Par ces motifs, Statuant publiquement, contradictoirement, Confirme le jugement en ce qu'il a : Condamné la Société Pege à payer aux époux Devenas, à titre de dommages-intérêts, une somme de 500 F (cinq cent francs) par jour ouvrable à compter de l'ouverture du magasin de Madame Greuzat, Condamné la même à payer la somme de 3 000 F (trois mille francs) au titre de l'article 700 du Nouveau Code de Procédure Civile aux époux Devenas, Débouté les époux Devenas de leur action contre Madame Greuzat.

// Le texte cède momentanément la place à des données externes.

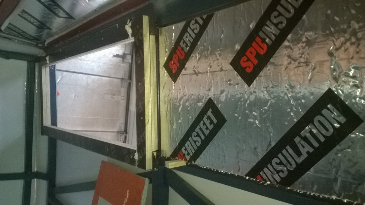en ehtiny saada tänäänkään koko eristys hommaa nippuun...(aloitin niin myöhään iltapäivällä) mutta nyt olis suuret seinä-alat eristelty ja jäljellä olis ns. matkustamon "tilkkutäkki" en muuten eristäis sitä samoin mutta mää ny yritän saada koko kotteron samalla tavalla eristetyks jos vaik se ei kesällä ihan niin paljoo lämpeis ja talvella ei kylmää hohtais...:D
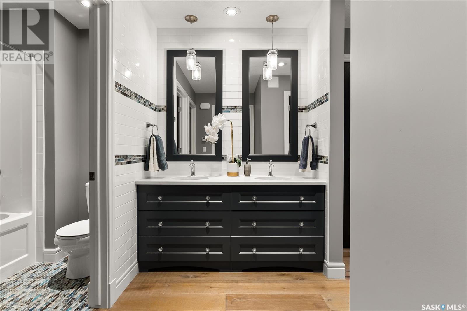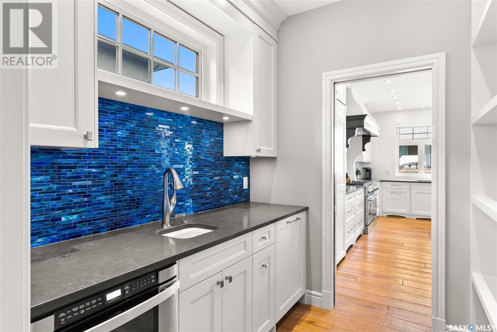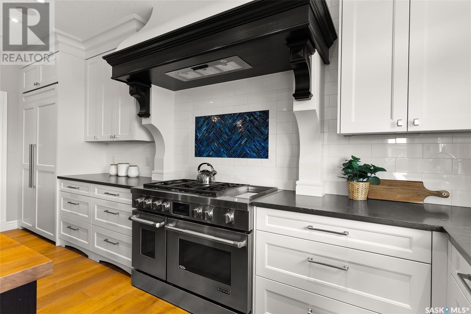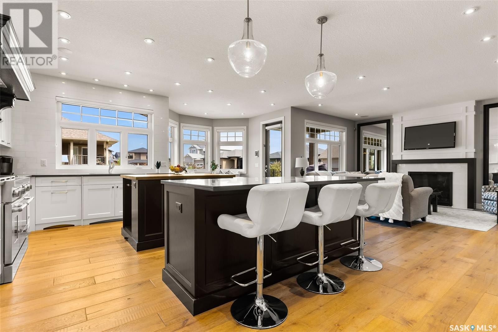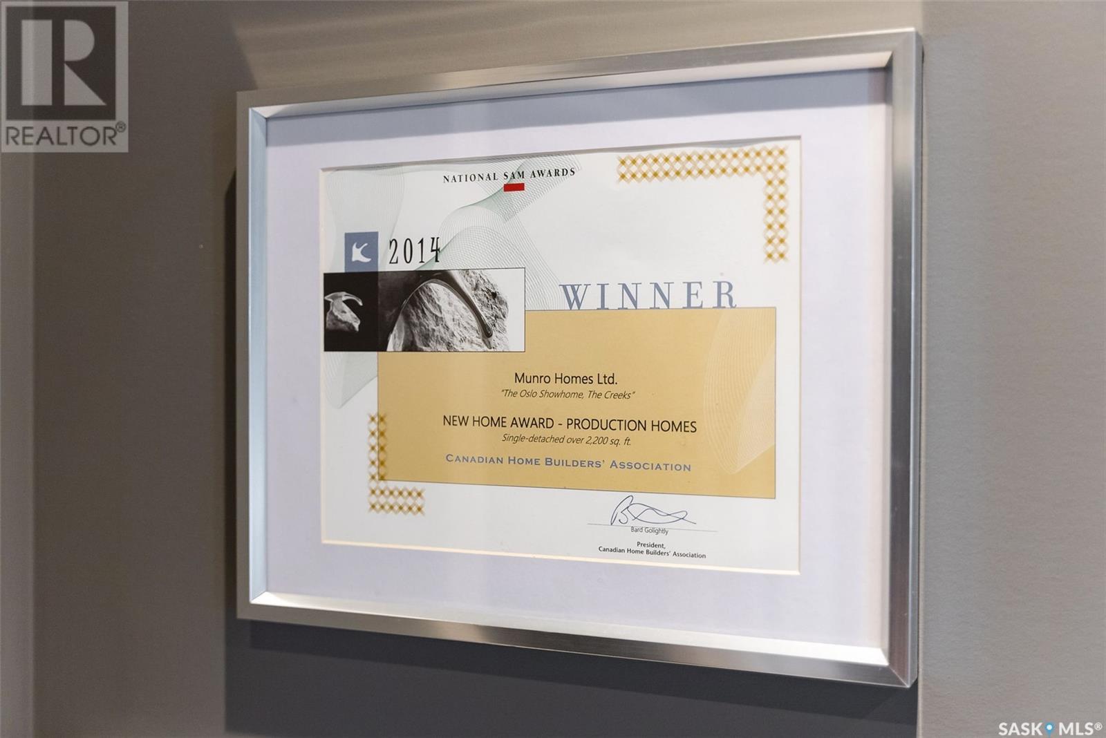 This incredible two storey former show home was meticulously crafted by Munro Homes and was awarded a Canadian Home Builders Association New Home Award for best single detached home over 2200 sqft in 2014. Outside you will love the intricate roof lines, acrylic stucco with tindal stone accents, and covered front porch. Step inside and you will fall in love with custom millwork and tall ceilings. The kitchen is a cook's dream with the 6 burner Jenn-Air gas stove, dual islands (with quartz and butcher block counters), built-in ovens, and the elegant tiled backsplash. Rick's Custom Cabinets did a beautiful job of the cabinetry throughout the home. The kitchen opens up the dining area with built-in bench seating and the living room with its gas fireplace. There is also a den/office off of the kitchen as well as a walk-thru pantry. Completing the main floor is a 2pc powder room and mudroom. Follow the hardwood stairs up the second level where you will find a bonus room. The primary bedroom features a separate nook that is perfect as a reading area or den. There is also a walk-in closet and a 5pc ensuite with heated tiled floors and a tiled shower. There are two additional bedrooms, a 5pc main bathroom, and laundry on the second level. The basement has been fully developed and has in-floor heat. You can entertain in the family room with a built-in bar/entertainment centre. The den would make a great fitness room and there is a 4th bedroom and full bathroom. This home is equipped with an elevator that accesses the basement, garage, main floor, and second floor. The double attached garage has 14ft ceilings and is insulated, drywalled, painted, and heated. In the backyard you can enjoy your composite deck, patio, and custom outdoor fireplace. Some additional features of this home include: handscraped hardwood flooring, a Control4 operations/audio system, gas bbq hookup, on demand hot water heater, built-in bureau cabinetry in the primary bedroom, and so much more. (id:22211)
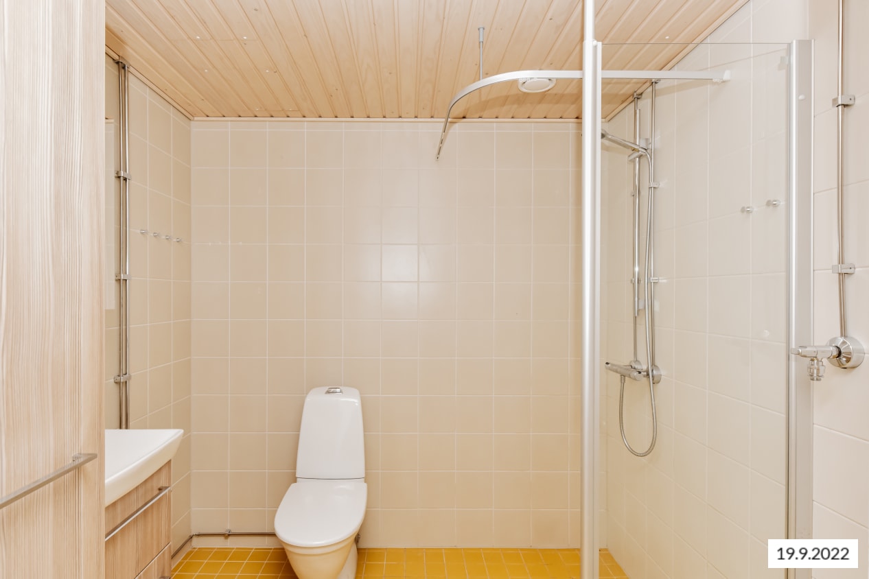 Asuinhuoneiden lattiat ovat valkaistua tammea mukailevaa laminaattia. Keittiön yläkaappien ovet ovat valkoiset ja alakaapeissa on vaaleat puunsyykuvioiset ovet. Ylä- ja alakaappien välinen tila on laatoitettu murretun valkoisella laatalla. Laminaattityötaso on vaalean tammen sävyinen. Varustukseen kuuluu keraaminen liesi, astianpesukone ja kylmälaitteet. Kokonaan laatoitetun kylpyhuoneen lattia on keltaista klinkkeriä ja taitetun valkoisen sävyisiä seiniä elävöittää kerman vaalea tehosteseinä. Pesukoneelle ja kuivausrummulle on tilavaraus.
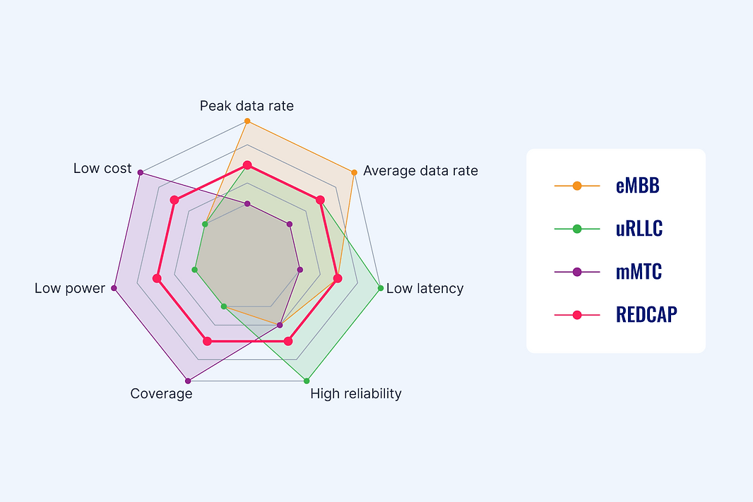 La respuesta es 5G NR-Light, también conocido como RedCap 5G. No, no son las setas, ni siquiera los duendes anglo-escoceses, sino Capacidad Reducida 5G. En esencia, RedCap 5G ocupa un espacio más flexible entre las divisiones de 5G NR comentadas anteriormente.
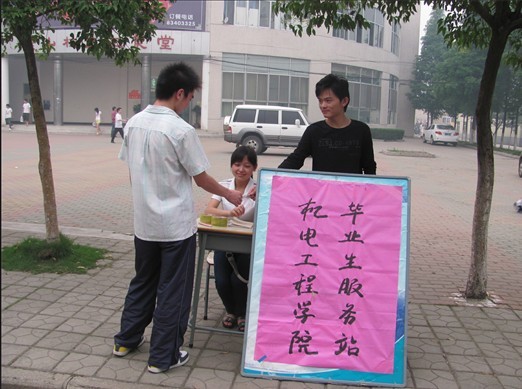 为了给毕业生顺利离校提供帮助,623日,机电工程学院青年志愿者大队在杨翠老师的带领下,于三食堂门前举办为期两天的“送毕业生服务站”活动。
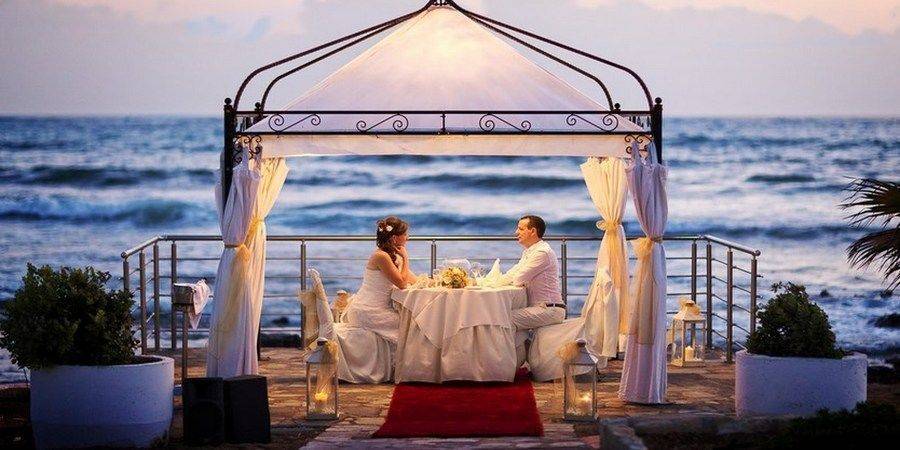 - В основном влюбленные стараются выбирать стилистику мероприятия в национальных образах. Новобрачные в местных костюмах, невеста в наряде и с прической в греческом стиле — все это изысканно смотрится на фотографиях. Большая часть мероприятий проводится на белоснежном побережье. На нем ставится арка из тропических цветов, а гости размещаются посреди пляжа.

Pour le surplus, réformant, statuant à nouveau et ajoutant au jugement : Dit qu'à défaut de cessation de l'activité constitutive de la concurrence déloyale, la Société Pege : - devra payer sans délai le montant total dû pour le passé jusqu'au jour du présent arrêt ; - devra payer le montant futur, à compter du présent arrêt, calculé soit jusqu'au jour de la cessation de l'activité concurrente, soit jusqu'au 7 octobre 1991 compris, et ce dès que le terme effectif de la concurrence sera survenu ; Condamne la Société Pege à payer aux époux Devenas une somme de 3 000 F (trois mille francs) au titre de l'article 700 du Nouveau Code de Procédure Civile (frais d'appel), Rejette toutes autres demandes, Condamne la Société Pege aux dépens et autorise la SCP d'Avoués Sagorin Gutton et Lecoq Motte à recouvrer directement ceux dont elles auraient pu faire d'avance et approuve 3 mots rayés nul.